À partir de 1996, l’apparition des combinaisons ARV hautement actives (HAART) et la possibilité de traiter la femme enceinte et le nouveau-né aux ARV (AZT, TDF, NVP, EFV, T20) (Kanniappan, Jeyapaul et Kalyanwala, 2008; Nattabi, Li, Thompson, Orach et Earnest, 2009) ont suscité un revirement des pratiques cliniques en améliorant considérablement le pronostic vital de l’infection (Abrams et Nicholas, 1998; Burr et al., 2007; Cooper et al., 2007; Kuhn et al., 1998; Meystre-Agustoni et al., 2000).

Au Canada, les recommandations officielles vont dès lors préconiser la poursuite ou l’initiation, selon le cas, d’un traitement ARV multithérapeutique chez les FVVIH et des services adéquats de counseling et de soins (Agence de la santé publique du Canada, 2010a).

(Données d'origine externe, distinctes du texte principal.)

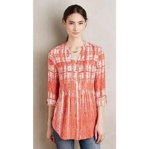 Anthropologie Maeve Orange White Calia Tunic Button Down Top Women's Size 8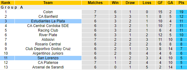 Hơn nữa, Estudiantes đang có dấu hiệu chững lại khi chỉ có 1 điểm ở 2 trận gần nhất. Dẫu sao thì họ vẫn còn khá hơn San Lorenzo. Đội bóng này hiện đứng áp chót ở bảng A và gần như không còn cơ hội vươn lên top dự tứ kết, do đã kém vị trí thứ 4 tới 6 điểm.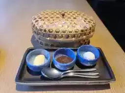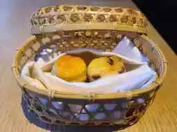The courses continued. Following the soup, panna cotta was served, offering a perfect balance of sweetness. Next came scones, presented in bamboo containers.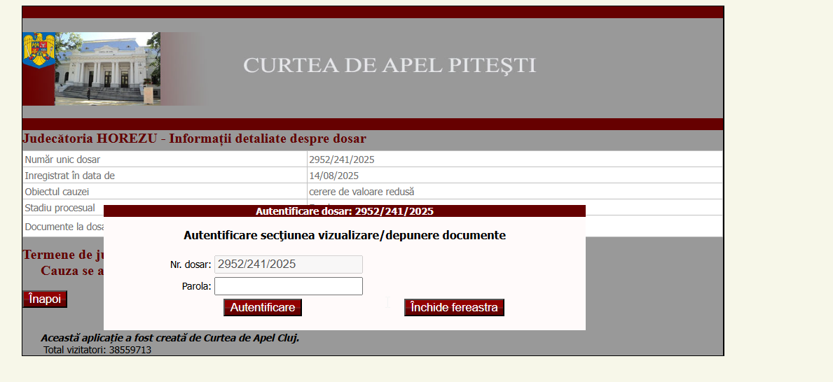 It is evident that the term without a user (in this case, the case number is unnecessary), but this aspect can be easily rectified if we consider that: a) the number of cases in a specific court, with a specific subject, on a specific date is under 10, even in the busiest courts. b) The dosare.just.ro system allows advanced searches using an API, and most case search tools now also permit advanced searches.

Actuellement, au Canada comme dans la majorité des pays industrialisés, les stratégies préventives adoptées (allaitement artificiel, combinaisons d’ARV durant la grossesse, pratique fréquente de césariennes) ont permis de réduire le taux de transmission à moins de 2% (Agence de la santé publique du Canada, 2010a, 2010b; Fowler, Lampe, Jamieson, Kourtis et Rogers, 2007; Public Health Service Task Force, 2006).

Toutefois, dans les travaux scientifiques, les grossesses sous ARV sont toujours considérées à risque et, encore aujourd’hui, la question du choix reproductif chez les FVVIH semble faire l’objet de réticences dans certains milieux médicaux (Cadart, 2000; Daar et Daar, 2006; de Bruyn et Paxton, 2005; Etiebet, Fransman, Forsyth, Coetzee et Hussey, 2004; Mantell, Smit et Stein, 2009; Turan, Miller, Bukusi, Sande et Cohen, 2008). Desclaux et Cadart (2008) montrent que l’impact des ARV sur les professionnels de la santé se caractérise par une redéfinition du risque davantage centré sur l’impact de ces traitements pour l’enfant à naître que sur la TME, bien que leurs répercussions sur le développement et la santé du nouveau-né restent peu documentées.

Dans l’élaboration thérapeutique du plan médical de la FVVIH désireuse d’avoir un enfant, les professionnels de la santé doivent toutefois évaluer le rapport « risque-bénéfice » de la prise d’ ARV tant pour la mère que pour l’enfant mais aussi pour la santé collective, même si ce

rapport joue plutôt en faveur de l'initiation immédiate d'une prophylaxie ARV (Calvez, 2004; Le Centre pour la Santé et Éducation des femmes, 2012). Cette situation se traduit par des incohérences entre la théorie et la pratique tant au niveau de la pratique médicale que des conduites individuelles des FVVIH.